▸ **What to work on**
Please return exactly the lines from the top of the data through the line that contains "konštrukcia sedadla: drevený", and skip all pictures.

▸ **Stored dataset items**
Segment Open
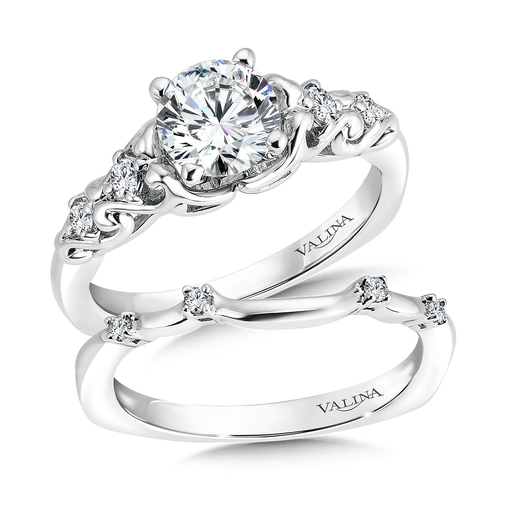An open polished scalloped design with floating diamonds decorates the shoulders of this vintage-inspired ring. In the cathedral profile, open scrolls create a unique look.
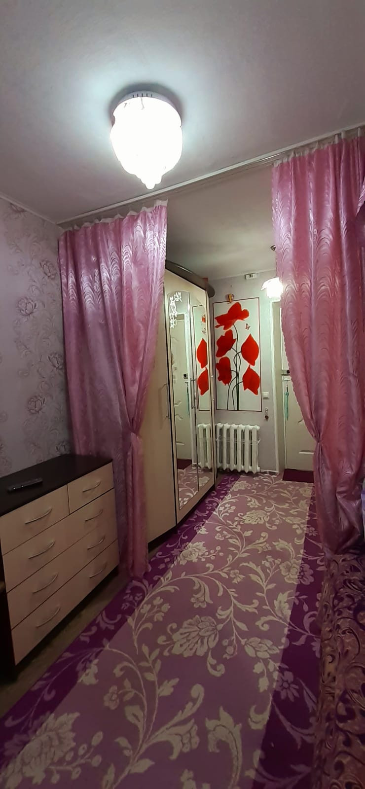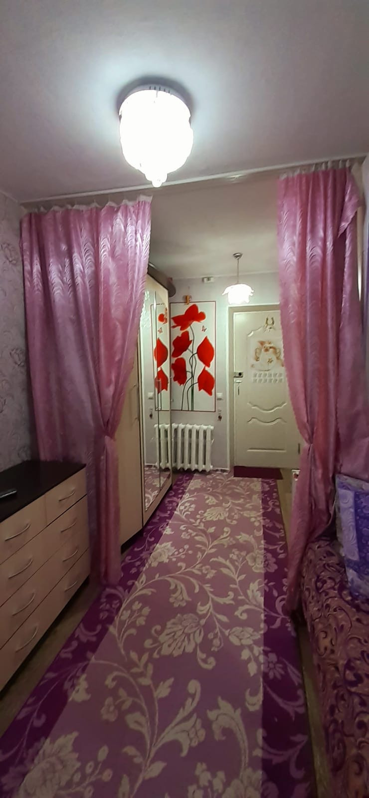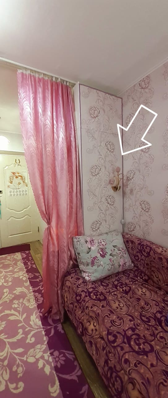 Есть много розеток для удобства. Несколько люстр на потолке для выделения зон где кухонная и спальная, свет включается по отдельности, удобно когда другой человек спит, чтобы не будить. Также, разделение комнаты на зоны шторой, установлена система.
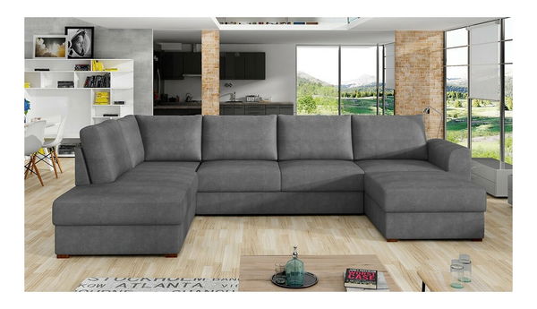 konštrukcia sedadla: drevený rám + falista pružina + plsť + pena T2844 s hrúbkou 11 cm, konštrukcia operadla: drevený rám + HDF doska + 1 cm hrubá T2844 pena, funkcia rozkladu, funkcia spania, sedacia súprava v tvare U, s úložným priestorom, vankúše v cene (6 veľkých) - na zips, drevené nohy (tmavý orech), voľne stojaca sedacia súprava (čalúnená látkou)
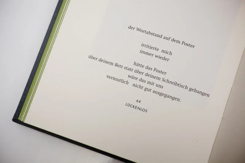 Diesen Inhalten folgen die typografischen Mittel aufmerksam. Sie geben der Sprache ein Gesicht, ohne ihr die Poren zu verstopfen. Die visuelle Wirkung der Texte lebt von der subtilen Inszenierung, die sehr gezielt mit dem “Gestalter-Auge” und typografischem Verständnis spielt.
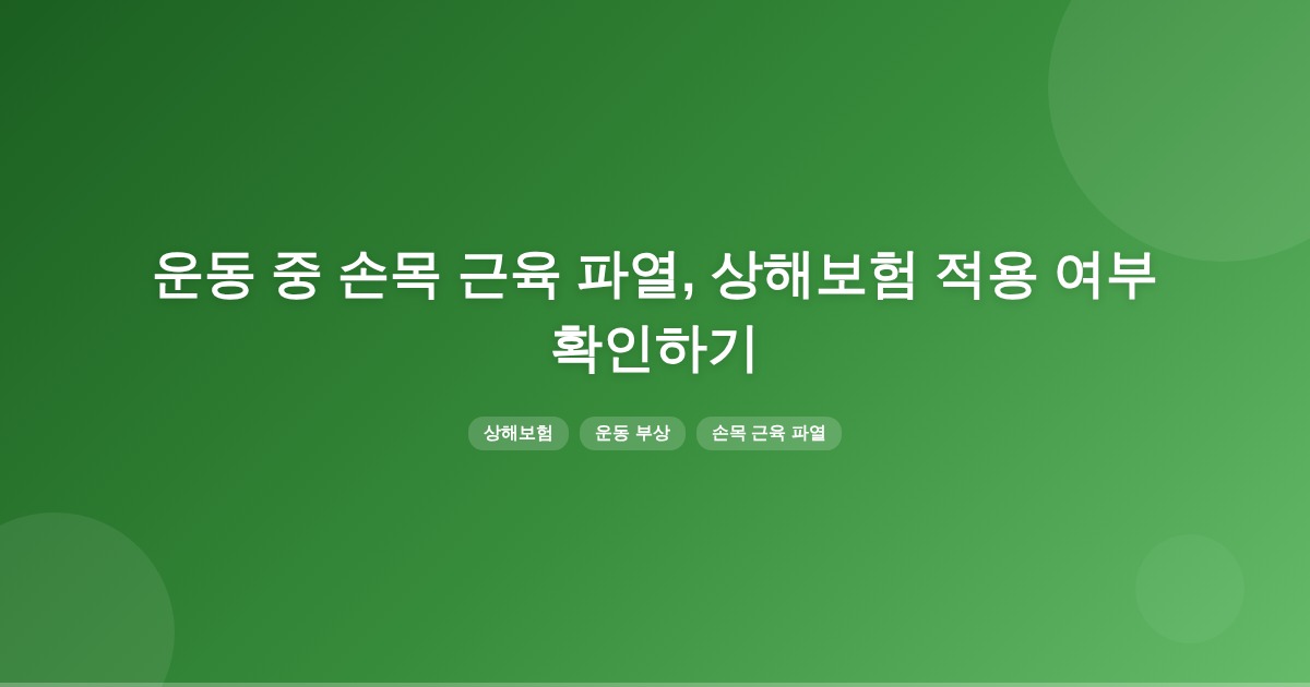 운동 중 손목 근육 파열로 수술을 받은 경우, 일반 상해보험 적용 여부는 상해의 정의와 보험 약관에 따라 달라집니다. 상해 실손보험이 가입되어 있어야 치료비가 보장됩니다.
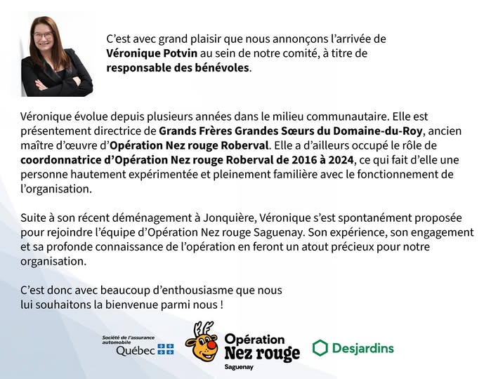 15-12-2025 Un immense merci à LE Centre Jonquière Nous tenons à remercier chaleureusement Le Centre Jonquière pour la généreuse mise à disposition de leurs locaux pour Opération Nez rouge Saguenay Votre soutien est essentiel à la réussite de notre mission : assurer des retours sécuritaires pendant la période des Fêtes et veiller à la sécurité de notre communauté Merci pour votre confiance, votre générosité et votre engagement envers la collectivité
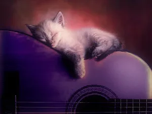 把吉他的色调处理下,将猫显得更突出
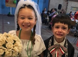 Reynosa.- El rostro feliz de una niña mientras se casa en una kermés escolar, en contraste con el llanto del "novio", se volvió viral en redes sociales.
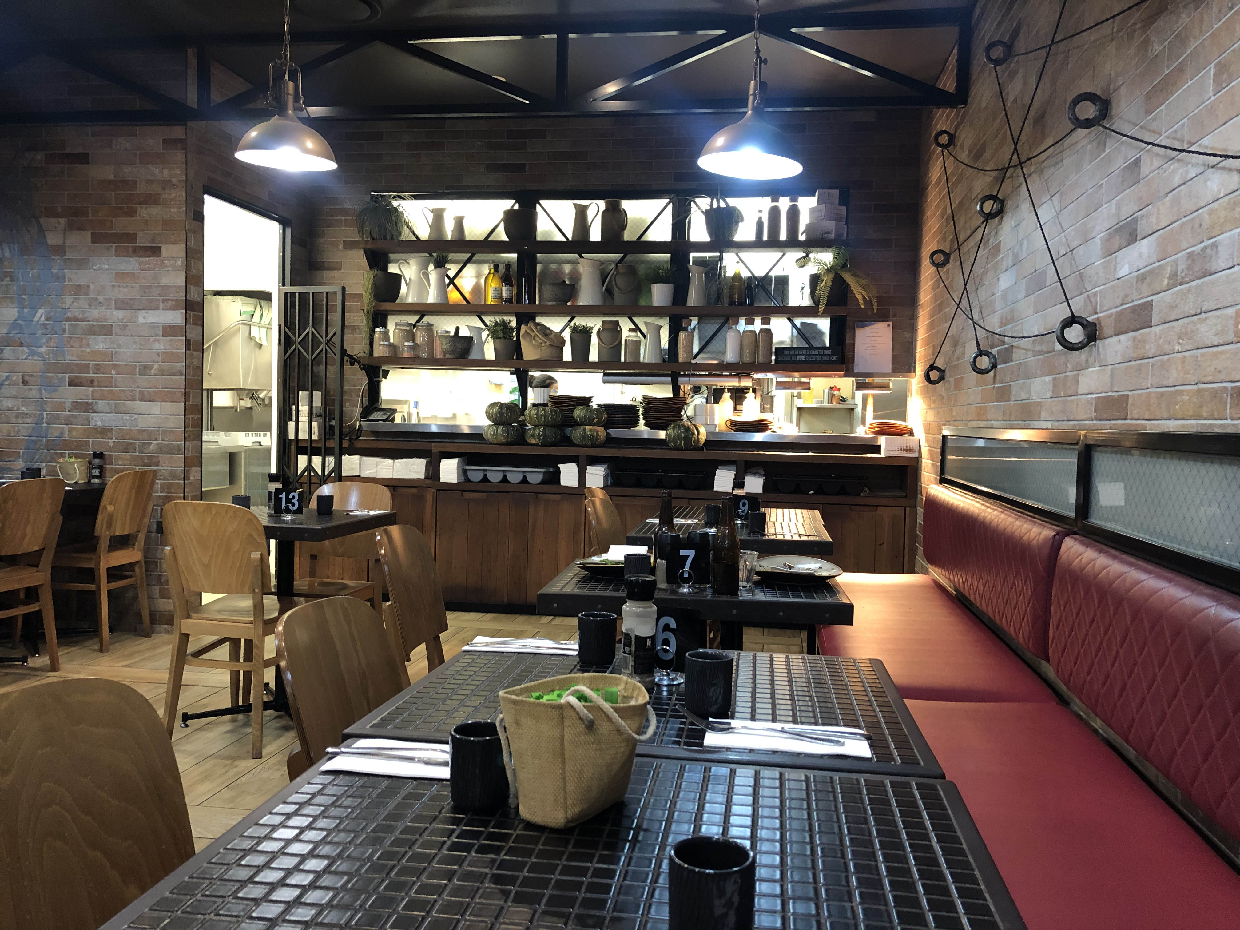 내부는 타일 모양의 테이블들이 있고 안 쪽으로는 절반짜리 오븐주방이 있다.
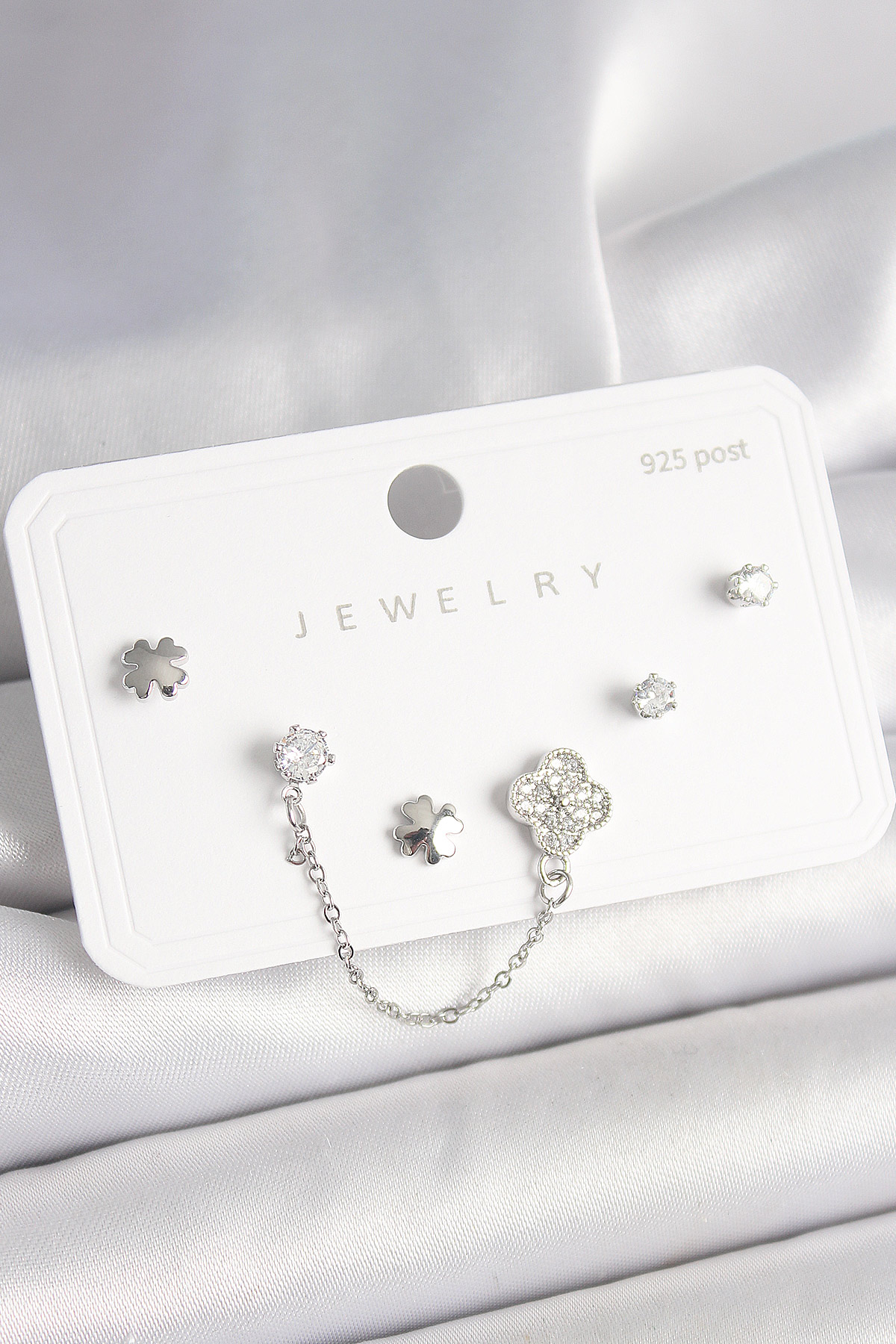 Tegan 925 Ayar Gümüş Çivi Pirinç Gümüş Renk Zirkon Taşlı Yonca Model Sallantı Zincir Detay Kadın Küpe Seti TG27BKP10400
Segment Closed
▸ **Solution to this problem**
An open polished scalloped design with floating diamonds decorates the shoulders of this vintage-inspired ring. In the cathedral profile, open scrolls create a unique look.
 Есть много розеток для удобства. Несколько люстр на потолке для выделения зон где кухонная и спальная, свет включается по отдельности, удобно когда другой человек спит, чтобы не будить. Также, разделение комнаты на зоны шторой, установлена система.
 konštrukcia sedadla: drevený rám + falista pružina + plsť + pena T2844 s hrúbkou 11 cm, konštrukcia operadla: drevený rám + HDF doska + 1 cm hrubá T2844 pena, funkcia rozkladu, funkcia spania, sedacia súprava v tvare U, s úložným priestorom, vankúše v cene (6 veľkých) - na zips, drevené nohy (tmavý orech), voľne stojaca sedacia súprava (čalúnená látkou)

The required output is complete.